Perl isn't the answer to everything. You certainly wouldn't create a
draw or paint program in Perl. If run-time speed is critical, Perl isn't
the answer. You probably can't directly hit your corporate database with
Perl (although with new support being added all the time, this too may
change). And Perl is "corporationally incorrect". There's no drag and drop.

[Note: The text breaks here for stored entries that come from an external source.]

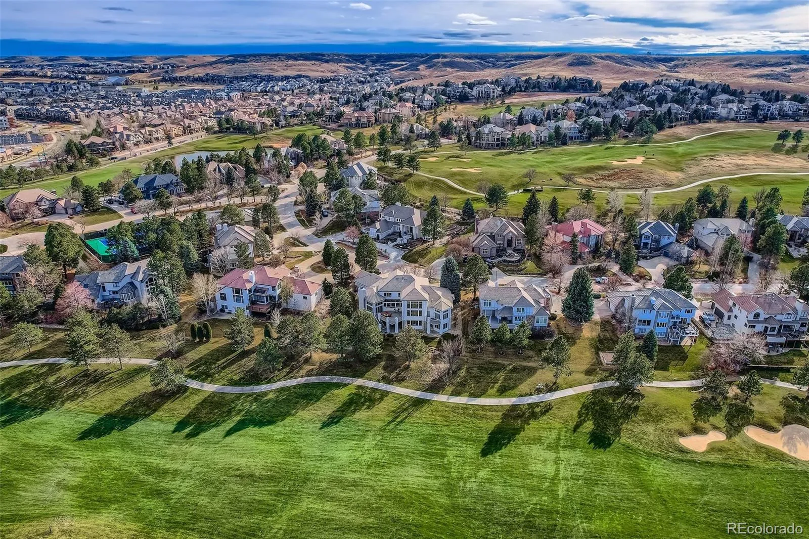 Experience elevated luxury in coveted gated Heritage Estates, perched on the 11th fairway of the Lone Tree Golf Course with sweeping Rocky Mountain and city-light views. This pristine home features 4 bedrooms, 6 bathrooms, and 4 fireplaces. The main-floor primary suite is a true retreat, with a gas fireplace, generous sitting area, and private deck overlooking mountains, golf course, and cityscape. The spa-inspired ensuite bath offers dual vanities and a large custom walk-in closet. The bright, open kitchen boasts expansive counters, pull-out cabinetry, accent lighting, and breathtaking views, flowing seamlessly to the family room with its gas fireplace, lighted display shelving, and deck access all perfect for entertaining or relaxing.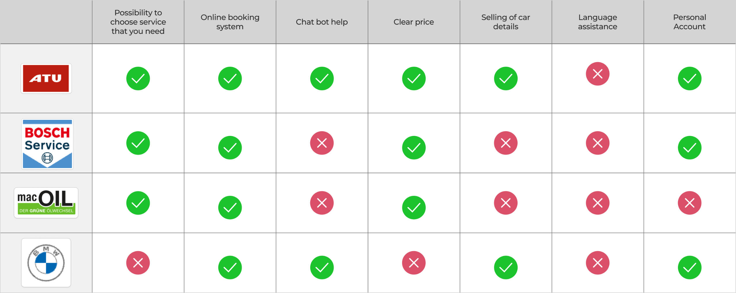 I did an analysis of the competition and found out that a feature like online booking is in demand and has a good performance. Chatbot is quite an interesting feature, but it has only worked well in large and networked companies, so we had to exclude it at this stage. The ability to have a personal account increases the attractiveness for users, so it will be useful to add this feature to the website.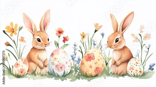 © Sunny, Fototapeta premium Adorable easter bunnies sitting next to a decorated egg, creating a charming easter scene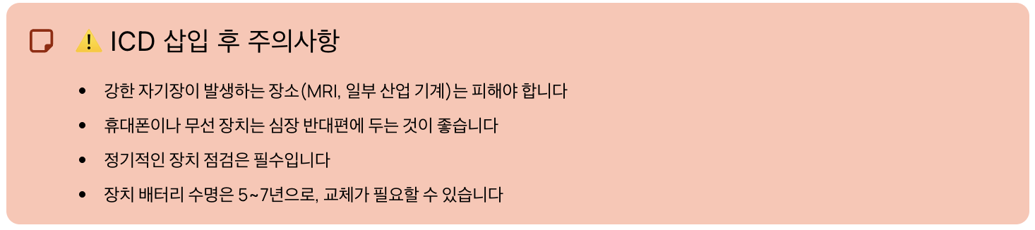ICD를 삽입한 경우, 강한 자기장이 발생하는 장소(MRI, 일부 산업 기계)는 피해야 하며, 휴대폰이나 무선 장치는 심장 반대편에 두는 것이 좋습니다. 정기적인 장치 점검은 필수입니다!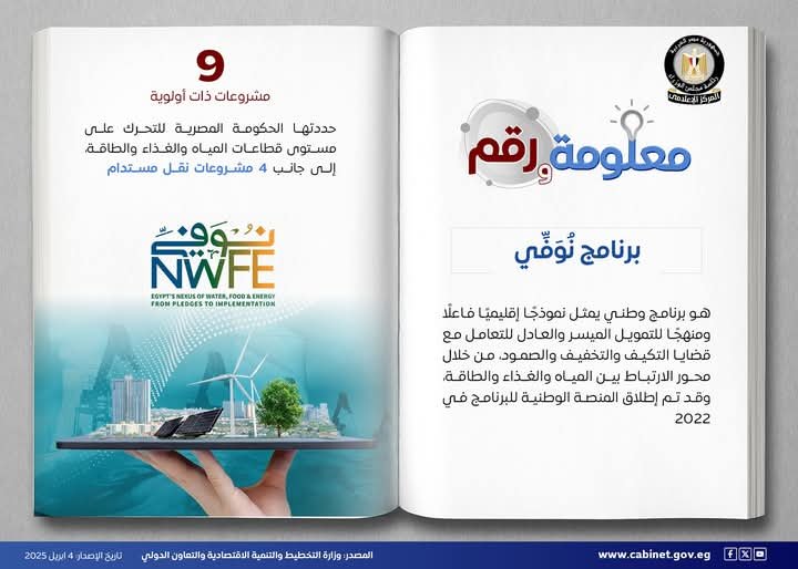 13 مشروعًا يشملها البرنامج الوطني "نُوَفِّي" للتعامل مع قضايا التكيف والتخفيف والصمود #وزارة_التخطيط_والتنمية_الاقتصادية_والتعاون_الدولي #المركز_الإعلامي_لمجلس_الوزراء #رئاسة_مجلس_الوزراء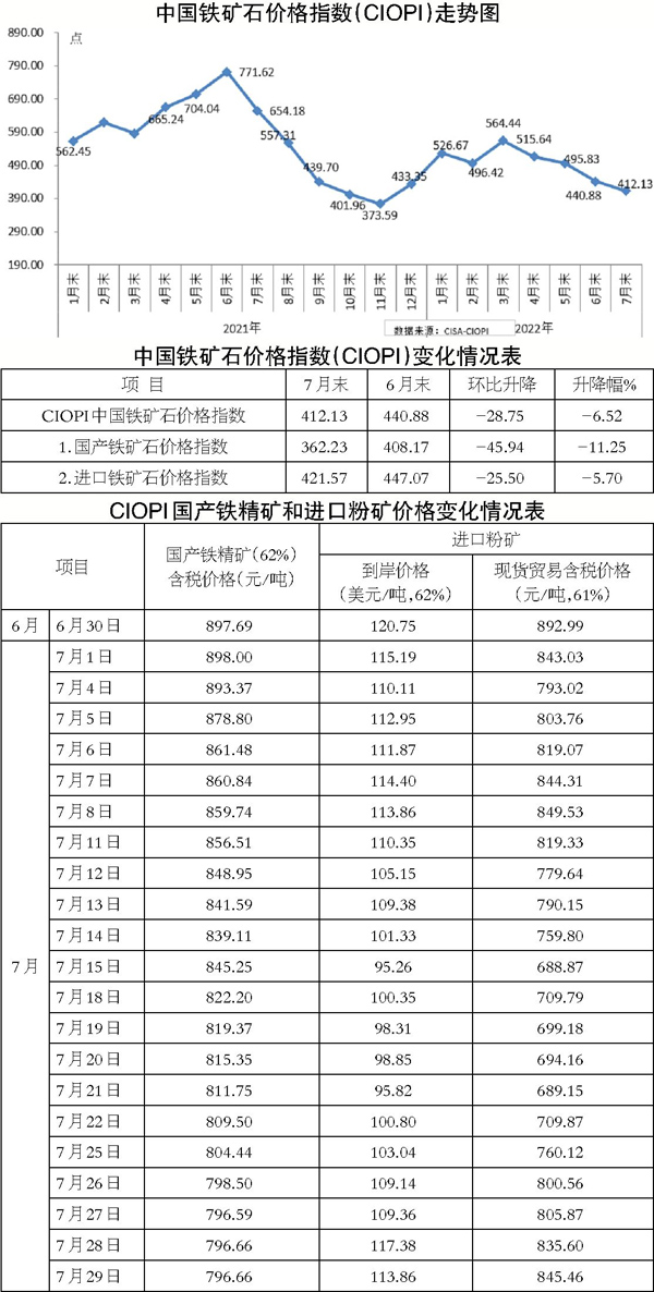 據(jù)鋼協(xié)監(jiān)測(cè),7月末,中國(guó)鐵礦石價(jià)格指數(shù)(CIOPI)為412.13點(diǎn),環(huán)比下降28.75點(diǎn),降幅為6.52%,較6月收窄4.56個(gè)百分點(diǎn);同比下降242.5點(diǎn),降幅為37.00%。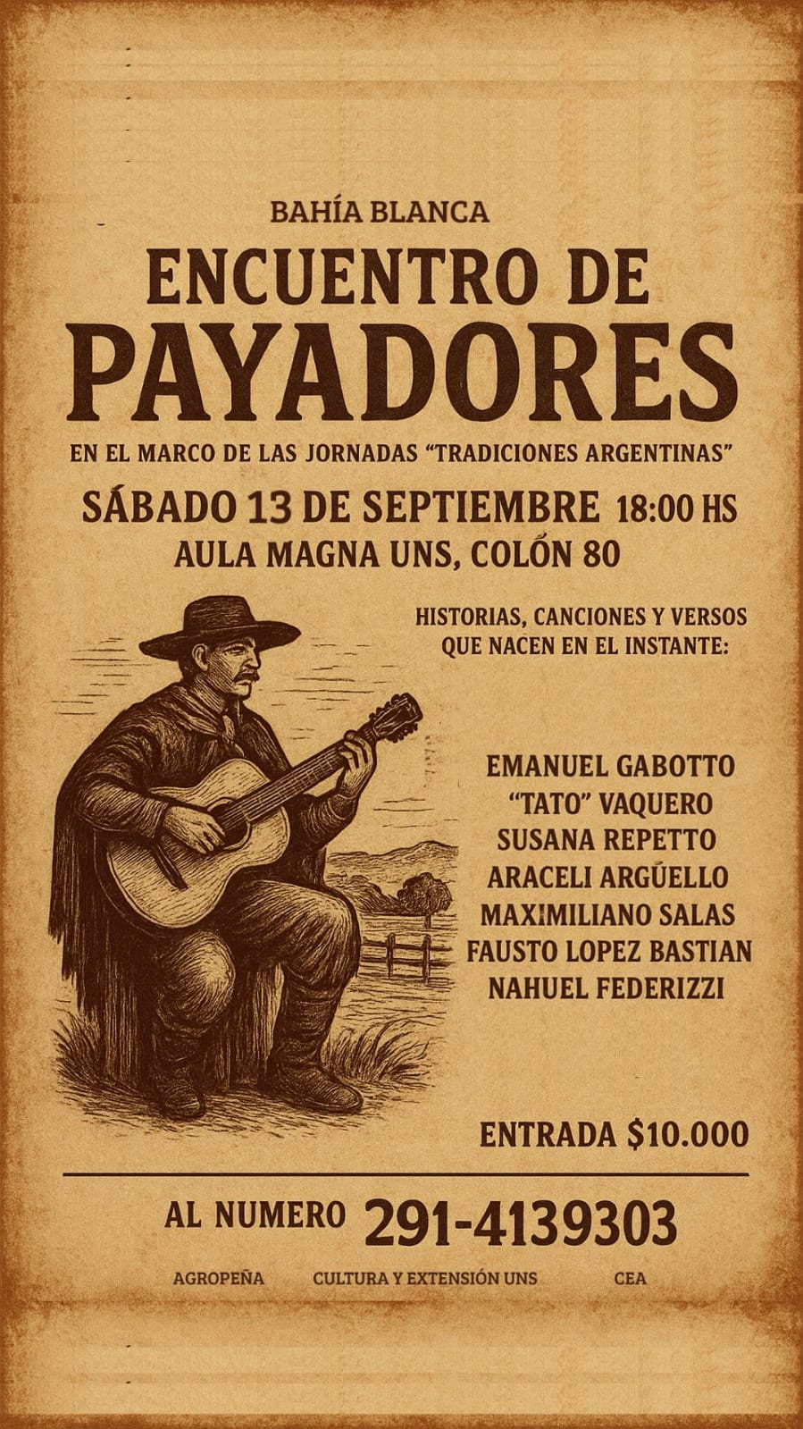 Sábado 13 de septiembre, 18:00 hs. Aula Magna, Av. Colón 80, ENCUENTRO DE PAYADORES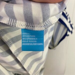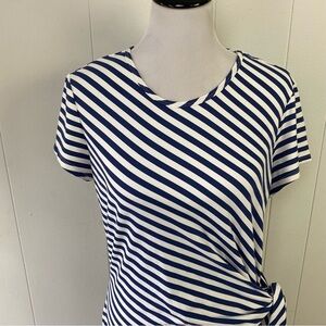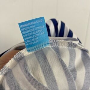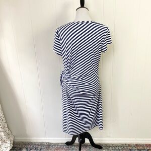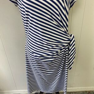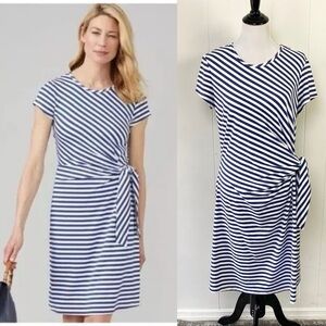 This J. McLaughlin Elora dress is perfect for any casual or travel occasion in the summer or spring season. The knee-length sheath style dress features a round neckline, cap sleeves, and a tie waist accent. It is made of a comfortable and breathable Catalina cloth fabric blend of nylon and spandex. The dress is white in color with navy blue stripes, giving it a classic, preppy, and nautical theme.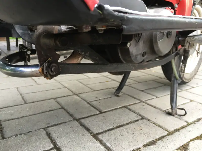 Dort wo auf dem Bild das Werkzeug (zum Einstellen der Schaltung) angesetzt wurde sollte ein Mutter sitzen wenn die nicht fest ist gibt es auch oft Probleme.
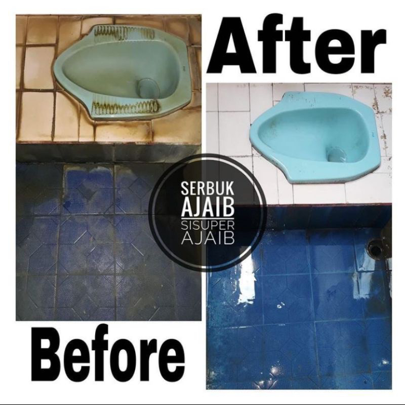 🔘Cara membersihkan flek membandel 1.basahi permukaan dgn air sebelum serbuk di taburkan 2.taburkan serbuk ajaib ini ketempat noda (tabur tipis & rata) diamkan 5-10mnt tdk boleh lebih 3.sikat lalu bilas dgn air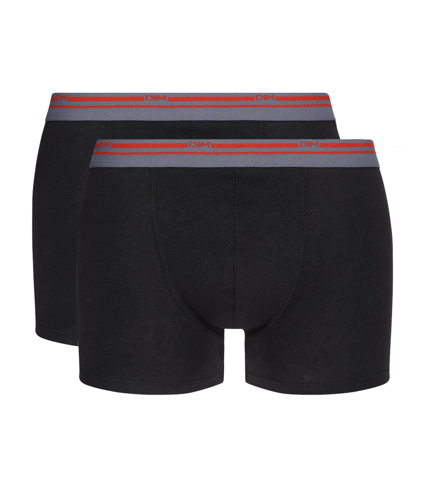 Add subtle texture to your underwear collection with this pack of 2 Daily Colors men’s boxer shorts in black stretch cotton with a touch of red.
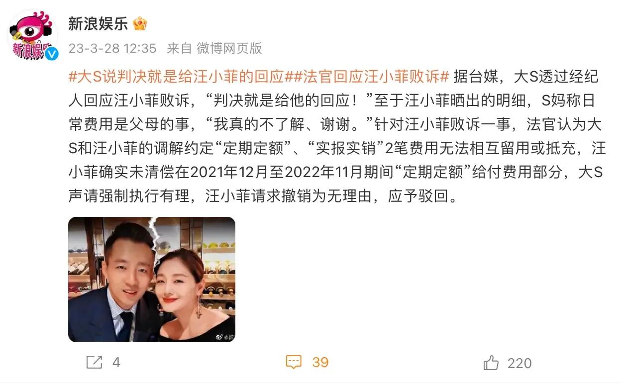 大S回应汪小菲晒清单的行为,不愧是美容大王,依然牙尖嘴利,让人招架不住。 大S说,判决就是最好的回应,她相信法律,毕竟爸爸养儿女天经地义。 S妈也说,他们的家庭开支是他们的事,只能说汪小菲长点心吧,当时签得有多爽,现在就有多难堪。 每天一睁开眼就是各种天价开支,还要帮兰姐还9.8亿,不敢想。
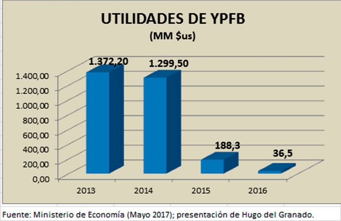Según el cuadro que presentó Del Granado, en el evento de la Gobernación, YPFB en 2013 sumó utilidades de $us 1.372,2 millones, en 2014 la cifra fue de $us 1.299,5 millones, en 2015 la cifra ha sido de $us 188,3 millones y en 2016 descendió a $us 36,5 millones.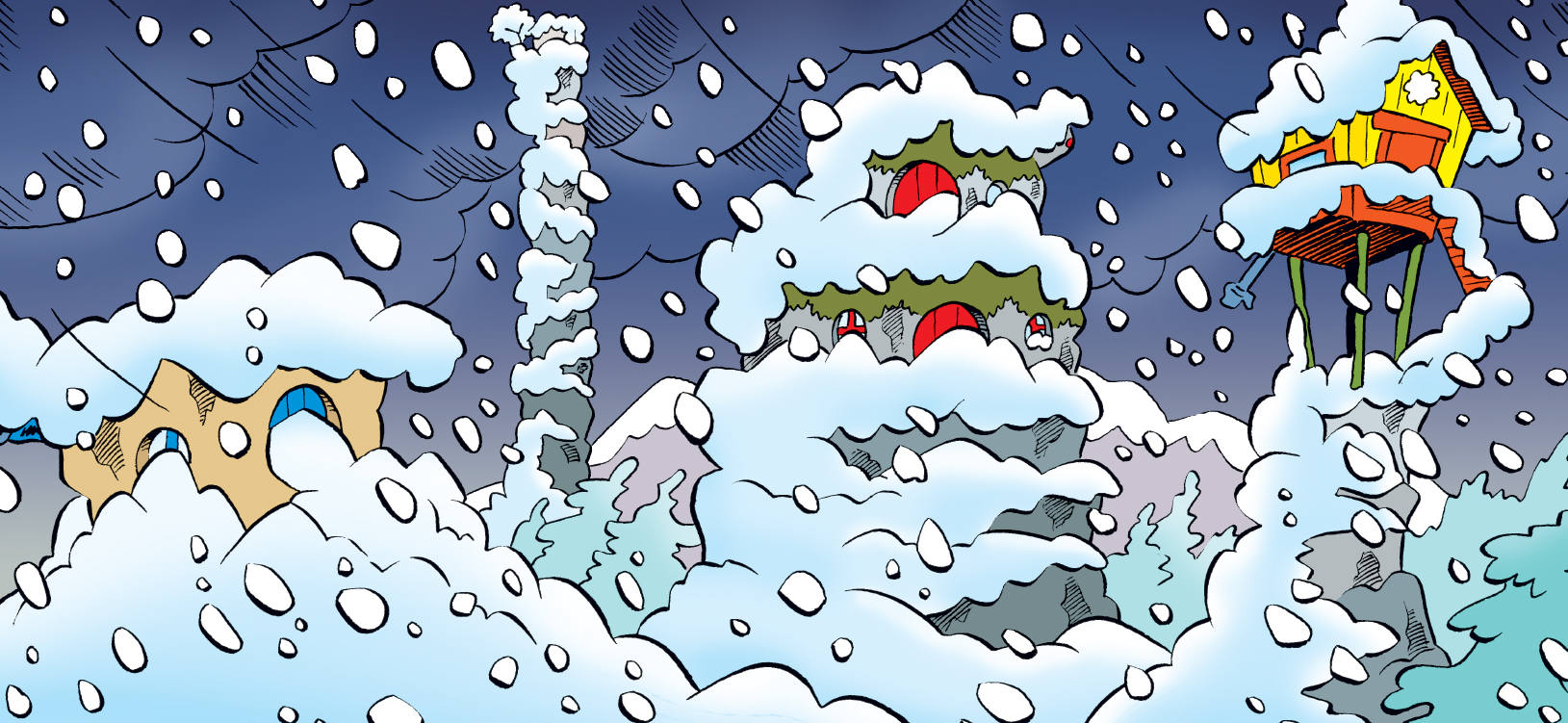 Det har varit ett hemskt snöoväder och många är insnöade. Bamse ligger sjuk så han kan inte hjälpa till med snöröjningen.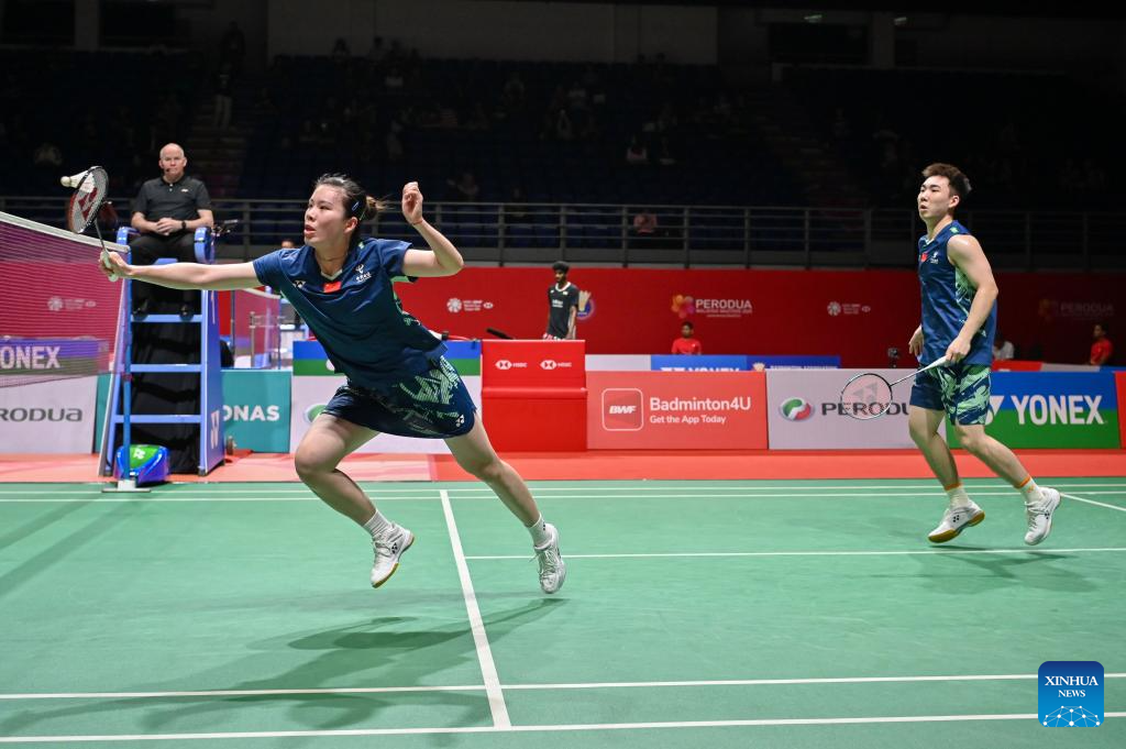 Guo Xinwa (R)/Chen Fanghui of China compete during the mixed doubles round of 16 match against Dejan Ferdinansyah/Siti Fadia Silva Ramadhanti of Indonesia at 2025 Malaysia Masters badminton tournament in Kuala Lumpur, Malaysia, May 22, 2025. (Photo by Chong Voon Chung/Xinhua)

All source is text. It's free. And it's not made in Redmond.
I like Perl. A lot.
Where Perl Excels
Impossible Deadlines
Assignment:
We need to import each of our hundreds of individual user databases into
our new corporate databases. We need this done in 48 hours.
Perl Solution:
Subroutine 1:
Walk the directory tree containing each individual database. For each directory,
it calls (via system()) a simple database utility or program to export
each table to delimited text, then copies the delimited text records to
single files at the root of the directory.
Subroutine 2:
Walk through the concatenated delimited files, changing field lengths and
positions to match those of the final destination, and changing delimiters
to those used by the new database's import utility. Also checks for any
errors detectable at this point. Note that dups can be detected using sort()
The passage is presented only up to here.